Senior Living and Dementia
Memory loss affects each person differently, and senior living communities can help meet your loved one’s individual needs and abilities at any stage of dementia. With trained staff and health care providers, assisted living with specialized memory support can build cognitive reserve in the brain. And by joining a memory care community earlier in the diagnosis, your loved one can take part in enriching activities that help maintain cognitive function for longer.
In an engaging environment, your aging relative benefits from high-quality care and specialized mental, physical, and social activity programs. Community care offers regular opportunities for socialization and other outings that can help reduce isolation and depression—a proven strategy for retaining cognitive abilities.
But that’s not all. By entering a senior living community in the early stages of cognitive impairment, your loved one can spend time enjoying an engaged lifestyle while they grow familiar with their new home and care team. Aging in place promotes successful aging and reduces stress and confusion on your aging relative down the road. With that in mind, it’s important to choose a community that can support someone you love’s mental health, physical care, and medical care needs as dementia progresses.
Mild Dementia Programming
Some memory care communities will include specific programming for residents in the early stages of memory loss. When cognitive changes start, it is common for someone with dementia to withdraw and isolate themselves, but these behaviors are linked to accelerated decline in all physical and mental areas.
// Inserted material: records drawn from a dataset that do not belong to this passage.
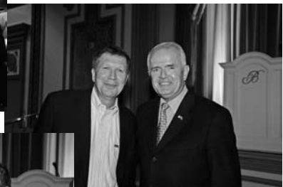
Nevada Governor, Jim Gibbons, greets Mr. Kasich at the 2009 NDA Annual Luncheon.
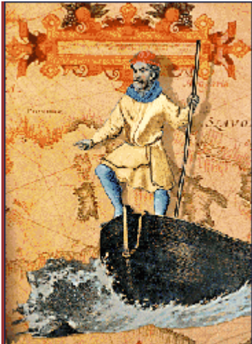
Benjamin of Tudela

Across centuries and continents, the prophetic words instilled hope that one day, brethren would join brethren, and together rebuild the kingdom of God. But first... the Ten Lost Tribes had to be found.
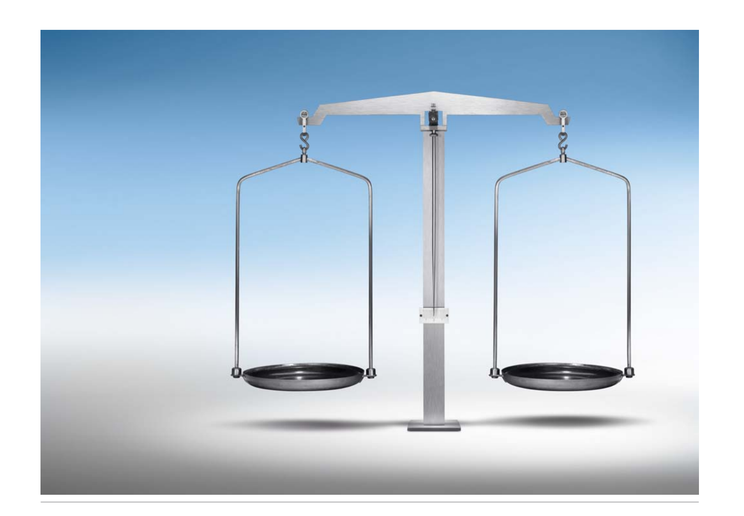
... provides opportunities for disadvantaged people. «
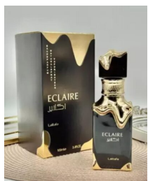
Eclaire Black By Lattafa EDP 100ml (Dubai Replica Unisex) R330.00 R250.00
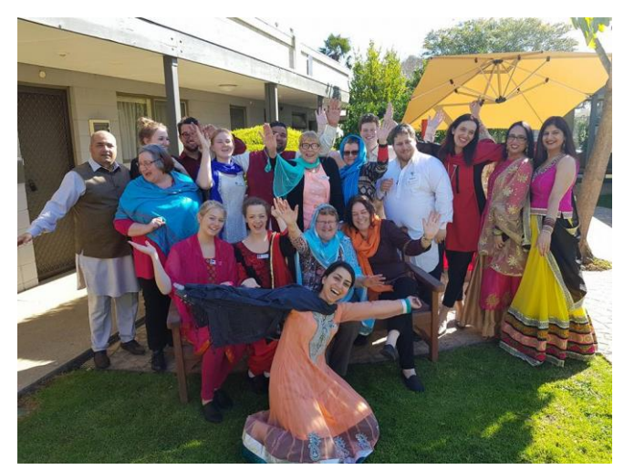
Indian Cultural Day

On the 14<sup>th</sup> of August, we held our annual Indian Cultural Day. With traditional Indian food and music, our residents enjoyed the entertainment whilst some joined in the dance.
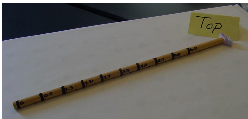
Photo of dowel, which represents the sonar signal used to measure the seafloor.
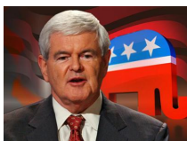
The Gingrich Surge: Can It Last?
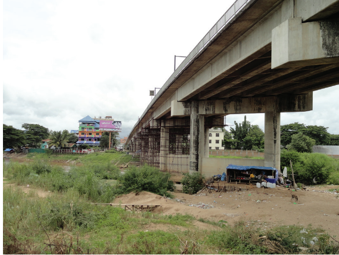
Thai-Burma Friendship Bridge over the Moei River, connecting Mae Sot to Myawaddy, Karen State.
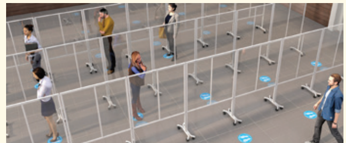
Easily assembled acrylic barriers can be easily snapped together to create large protected areas.
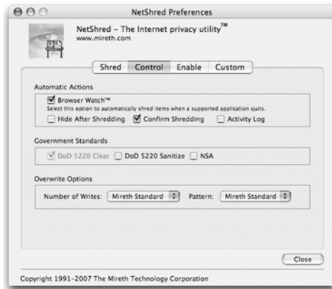
Figure 4: Preferences for running NetShred X automatically

With therapeutic mental fitness and socialization programs, memory care staff members can help the person you love build cognitive reserve, maintain mental function and increase engagement.
Regularly engaging in mentally stimulating activities can help maintain cognitive function. Memory care programs like Whole Brain Fitness are designed to improve brain health for each resident by nurturing and engaging mind, body and spirit in ways tailored to each person’s abilities. By combining nutrition and physical exercise, mental workouts and lifelong learning, reduced environmental stress, a strong social network, and a sense of purpose, programs like these can help preserve cognitive abilities and allow residents to age successfully.
Programs like Circle of Friends® are designed for residents who have experienced cognitive changes and need more support but don’t require a secured memory care environment. In this kind of environment, residents may participate in more structured activities designed to help maintain cognitive function. Activities are therapeutic, with attainable goals and conducted in a small group setting to encourage residents to stay involved, maintain function, build confidence, and have happy, fulfilling days.
Secured Memory Care
When dementia progresses to later stages where confusion, wandering and delusions are more likely, a secure memory care community can provide caregivers with added peace of mind. Secured memory care like the Memory Care Neighborhood usually features smaller, self-contained areas that are more navigable for residents, which helps foster feelings of independence while minimizing the risk of falling or getting lost. This gives residents the freedom to explore and enjoy a sense of normalcy while staying safe and close to trained staff.
Sometimes, the concept of a secure memory care community can feel strange or overwhelming to the caregiver, because to them it represents the next step in their relative’s journey. While making the transition to secure memory care can be hard to accept, in many ways it actually gives the person you love back some of their independence, because the environment is less stressful and better suited to their cognitive function.
Secure memory care is specifically designed to put residents at ease; it’s familiar to residents because it maintains the same look and feel as the rest of the care community on a much smaller scale that is more easily navigable. It has its own dining and outdoor areas, its own enrichment activities and its own community—with assistance tailored to different cognitive abilities.
Care communities that specialize in moderate-to late-stage dementia tend to feature much higher staff-to-resident ratios to ensure that residents are appropriately supervised and regularly engaged. In addition to amenities commonly included in assisted living communities—meal service, transportation, social and physical activities, housekeeping—secure memory care will generally include medication management, physical or occupational therapists on staff, licensed nurses on staff, and environmental modifications that help keep everyone safe.
Residents will also participate in more personalized programming to accommodate their individual mental and physical abilities.